1. Customize via dialog from the 'Unordered' or the 'Ordered' list split button
2. in Bullets and Numbering... dialog, 'Customize' tab
3. in 'Number' listbox, select "Bullet"
4. in 'Character style' list box, select "Numbering Symbols"
5. use the 'Select' button to launch the Special Character Dialog, pick a font with coverage of Cyrillic
6. for each level, select the character you'd like to use
7. then save as a template document for reuse (or you'll be entering it again)

Otherwise, seems the Mongolian Cyrillic alphabetization list sequence could be a useful enhancement. But should also include a comparable list sequence in the Unicode Mongolian block U+1800-U+18AF, not the full sort logic that bug 115189 requires.

@Vort, @Justin -- thoughts?

Comment 3 V Stuart Foote 2024-07-07 15:38:59 UTC

s/@Vort/@Volga sorry...

Comment 4 Fiable.biz 2024-07-08 02:13:45 UTC

(In reply to V Stuart Foote from comment #2)

> 1. Customize via dialog from the 'Unordered' or the 'Ordered' list split
> button
> 2. in Bullets and Numbering... dialog, 'Customize' tab
(...)
> 6. for each level, select the character you'd like to use

Thank you but this just provides for one character per level, while the aim is to use the alphabet to "number" elements of a list, or headings of a one level: "а." for the first element, "б." for the 2nd one etc., as in the example I gave above.

Comment 5 Heiko Tietze 2024-07-08 08:07:41 UTC

We list four types of Cyrillic numbers for Bulgarian, Russian, Serbian, and Ukrainian. While I support adding Mongolian, the list is hard to use right now. How about two entries for letters, one "A,B,C (Latin)" the other "A,B,C (Localized)" which then becomes either Russian Cyrillic or Mongolian, depending on the chosen language.

Or, to keep the list more clean, add an option below "[ ] Localize".

Comment 6 Mike Kaganski 2024-07-08 09:29:35 UTC

(In reply to Heiko Tietze from comment #5)

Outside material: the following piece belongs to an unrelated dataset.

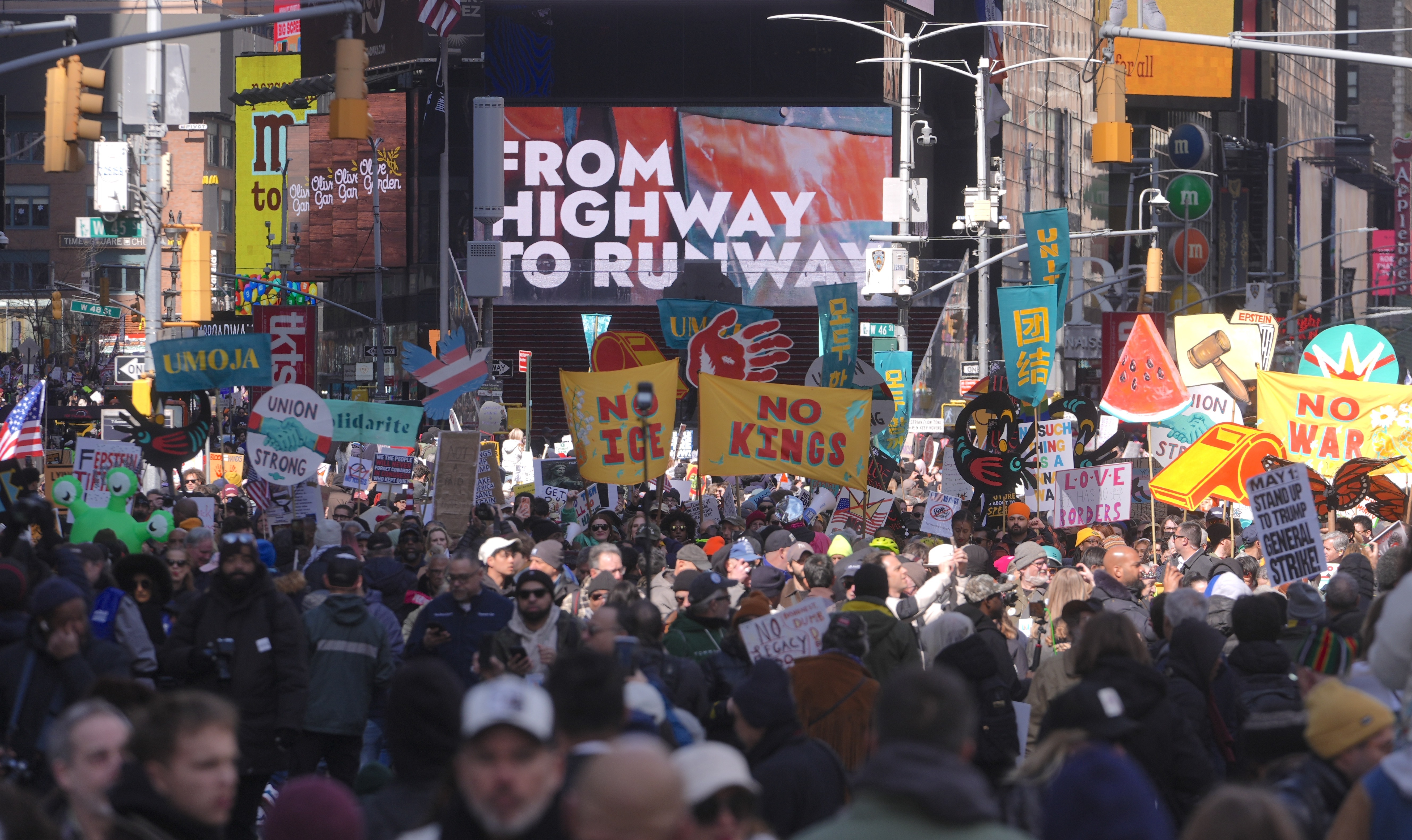 مسيرات مناهضة لترامب بآلاف المدن الأمريكية ضمن حملة ‘لا ملوك‘

The dropdown is really getting unmanageable. On the other hand, we definitely need more entries available. We already had this issue elsewhere (I remember a discussion with erAck, something around the "native numbering"); and of course, it will return again, unless we provide a good solution. Note that we can't simply rely on "current language's native numbering", both because there are legitimate cases of using a numbering "native" to another language here, and because there may be more than one "native" numbering scheme for a language.

The drop-down has an upside of being very convenient for the often-used elements. But we need a dialog for the full range of options. I don't know if it's best to use the dialog instead of the drop-down unconditionally, because it would be unified; or to have a drop-down with a handful most-used options, plus a "more..." element opening the dialog.

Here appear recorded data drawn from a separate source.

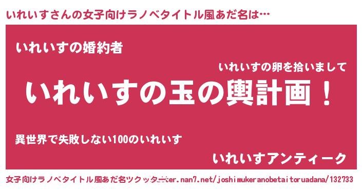 | 男性向けラノベタイトル風あだ名 | 『いれいす~年齢イコール彼女いない歴の魔法使い~』 |
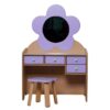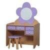 Κατασκευασμένο από συνθετικό ξύλο M.D.F. με επένδυση οξιάς, λουστραρισμένη στο φυσικό χρώμα του ξύλου, με χρωματιστές λεπτομέρειες. Φέρει τέσσερα συρταράκια, ράφι, και καθρέφτη άθραυστο ασφαλείας σε σχήμα μαργαρίτα . Όλα του τα άκρα είναι στρογγυλεμένα και ακίνδυνα για τα παιδιά. Περιλαμβάνεται και ένα σκαμπουδάκι από φουρνιστή οξιά και πλακάζ. Τα χρώματα και τα βερνίκια που χρησιμοποιούνται είναι νερού, μη τοξικά και φιλικά προς το περιβάλλον.
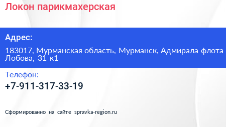 Локон, парикмахерская по адресу 183017, Мурманская область, Мурманск, Адмирала флота Лобова, 31 к1 в дальнейшем Организация, размещена в следующих категориях:
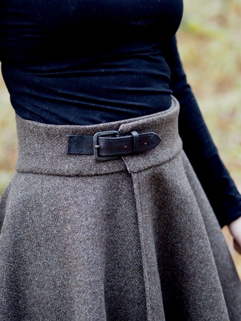 Classic wool and Luxus wool has the same velcro fastening but the linen variant the overlapping fastening has long strips. We can of course make all of them with velcro fastening too! (For custom orders it is also available with other options.) Luxus’s hem is 8 meters and has almost twice as much fabric as the Classic but the waist and pleating looks the same.

Comment 7 Fiable.biz 2024-07-08 10:35:56 UTC

(In reply to Mike Kaganski from comment #6)
> to have a drop-down with a handful most-used
> options, plus a "more..." element opening the dialog.

This option seems the more convenient for me. In practise, most people use one or very few languages, and few numbering styles. I would go for adding automatically in the "handful most-used options" any element once used by the user, and for removing automatically any element not used (i.e. not affected to any heading level) for one year or more, except if there are no more than, let say, 7 elements left, in which case the too old numbering style would be automatically replaced by one of a default short list (most common language-independent "numbering" plus the default language alphabet). This way, a user who hasn't use any numbering style for one year would automatically get the default list back. The user should also been enabled to add or remove elements manually in its list of most-used numberings.
   The following is out of scope here, but the very long list of languages of the paragraph and character styles, when editing such styles: "Font → Language", is also difficult to manage. I'd like to get quickly the choice between the few languages I use.

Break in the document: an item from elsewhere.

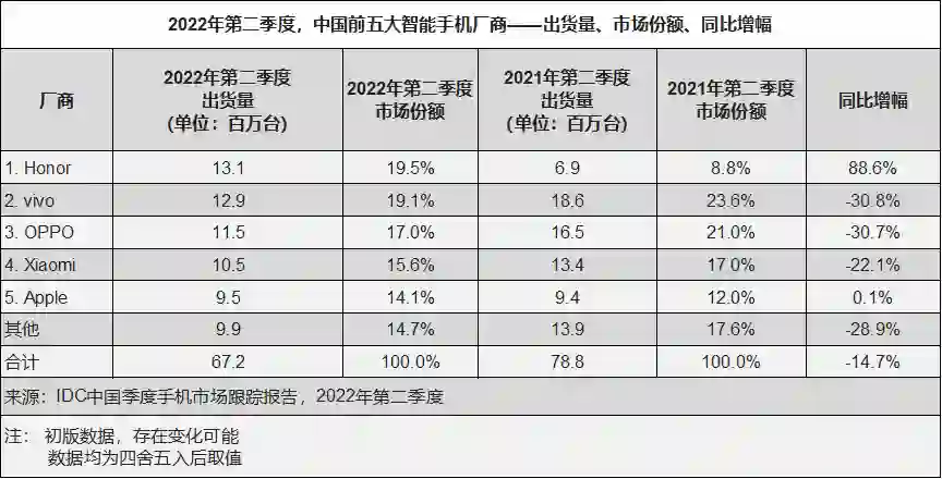放眼整个中国市场,2022 年第二季度智能手机销量同比下降 14.7%,基本跌回十年前水平。IDC 数据显示,主流大厂之中仅有荣耀、苹果实现增长。

Comment 8 Heiko Tietze 2024-07-09 10:42:17 UTC

(In reply to Mike Kaganski from comment #6)
> Note that we can't simply rely on "current language's native
> numbering", both because there are legitimate cases of using a numbering
> "native" to another language here, and because there may be more than one
> "native" numbering scheme for a language.

What is wrong with "A,B,C (Latin)" becoming "А,Б,В (Native)" when the paragraph language is set to Russian or "ᠠ,ᠡ,ᠢ" in case of Mongolian? If you want the Cyrillic alphabet it should be possible to switch to another language. I struggle a bit with the idea of an extra dialog that offers more but all just hard-coded number schemes.

Comment 9 Mike Kaganski 2024-07-09 11:09:56 UTC

(In reply to Heiko Tietze from comment #8)
> What is wrong with "A,B,C (Latin)" becoming "А,Б,В (Native)" when the
> paragraph language is set to Russian or "ᠠ,ᠡ,ᠢ" in case of Mongolian? If you
> want the Cyrillic alphabet it should be possible to switch to another
> language.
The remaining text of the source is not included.